Sorry this got long, total brain-data dump here.
John T. Malloy (yes the Dress for Success author) has good tips on wardrobes and shopping. He advises that you go and try on the exact same thing at a high end store (really high end), a really low end store, and one somewhere in the middle. Look at the insides and the construction, how are they put together? You will start to see the things that go into higher end clothing - better seams, better fit, etc. Slight differences (or glaring differences) in the dye job*.
Then you can recognize the few items that are less expensive but look like quality.
If I remember correctly he also discusses which flaws are easily corrected by a tailor (hem and sleeve length) and which are not, so you don't buy something thinking that a tailor can fix it, and the tailor can't.

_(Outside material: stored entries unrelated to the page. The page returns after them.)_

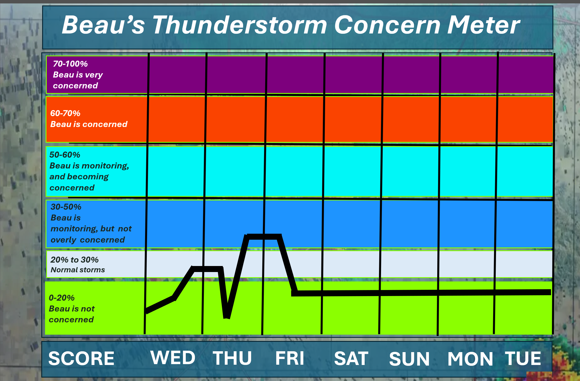 I am monitoring Thursday night and Friday. At this time, severe weather appears unlikely.
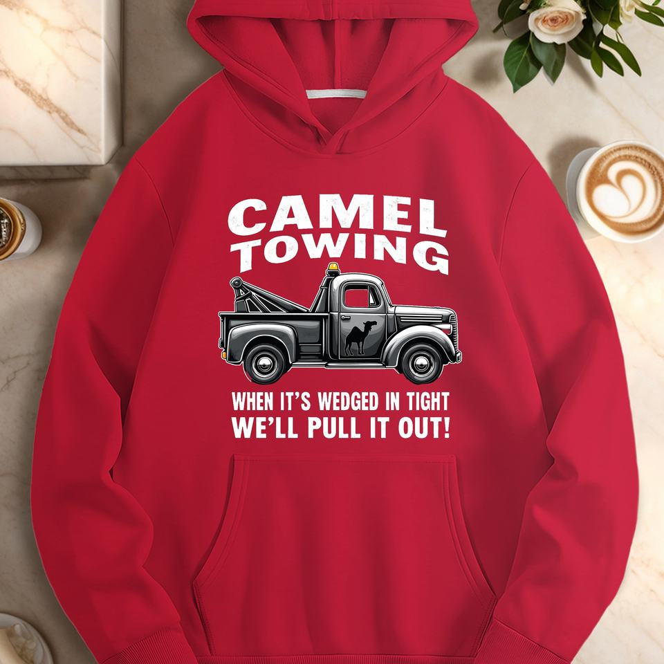 Tow truck with camel silhouette women's casual hoodies
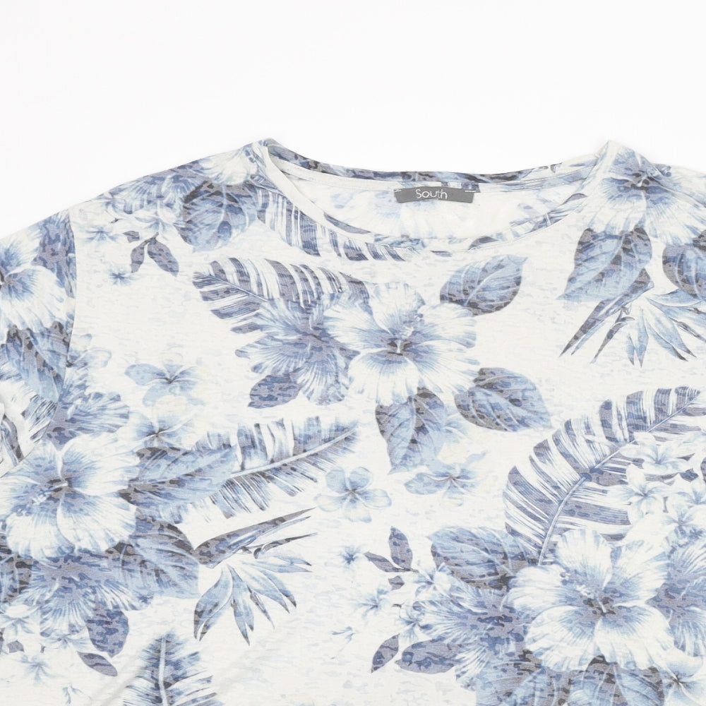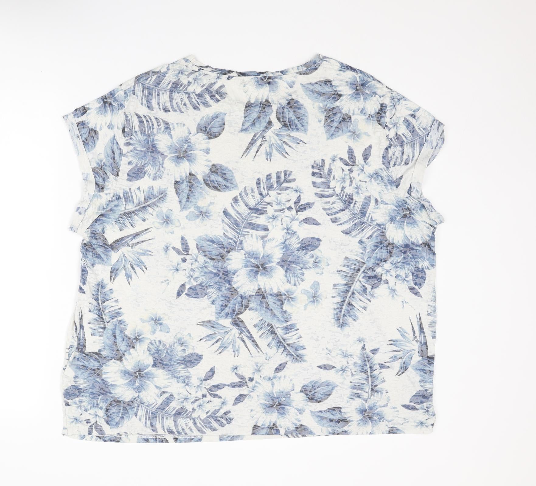 Womens Blue Floral Polyester Basic T-Shirt Size 24 Round Neck

Believe me (my DS and BIL both had high-powered jobs and spent a small fortune on suits) the higher-ups will generally be able to judge how expensive your new look was. So you want it to be perfect/look expensive even if it wasn't expensive. The higher you go the more this is true. So in this regard, buying quality second-hand is better than buying cheap new, if the second-hand is still in good shape. Just don't get anything obviously out of fashion - and yes, there is men's fashion, just more subtle than women's fashion. And this is why you do the high-end scouting trip every time you are planning a major purchase, so you look up-to-date. If you have access to one-day factory sales at high-quality manufacturers, go to them. I had a wonderful Aquascutum raincoat, factory one-day sale at the Montreal plant. These are not generally advertised, they are word of mouth. Sometimes foreign tailors have days when they are in a city, take all your measurements, show you styles and fabric, and then go back to their own country to do the manufacturing - and a few months later you have a perfect fit wardrobe. DS and BIL used to do that, great clothes, not cheap, but less than North America.
If you have a colleague who always looks well dressed and you know they are not blowing a fortune on clothes, ask them for advice. This assumes you like each other and are not in direct competition, of course ;-)
General thought - my teaching wardrobe (biologist -> labs) was decent but casual. I had a few much higher-end outfits for when I had to make presentations at higher levels, including to our board of directors. I still looked like an academic, not a businessperson, but a much more professional academic. So anyone who might ever have to meet (occasionally or often) with people levels above them should have the clothes for those meetings. It gives you credibility.
*Primary colours are considered lower-class for a historical reason, they were cheap and the dyes held well. It is hard to get subtle muted colours in a dye job, so those fabrics cost more. Beige/tan raincoats need cleaning more often than black ones, so if you are on a tight budget, you buy black.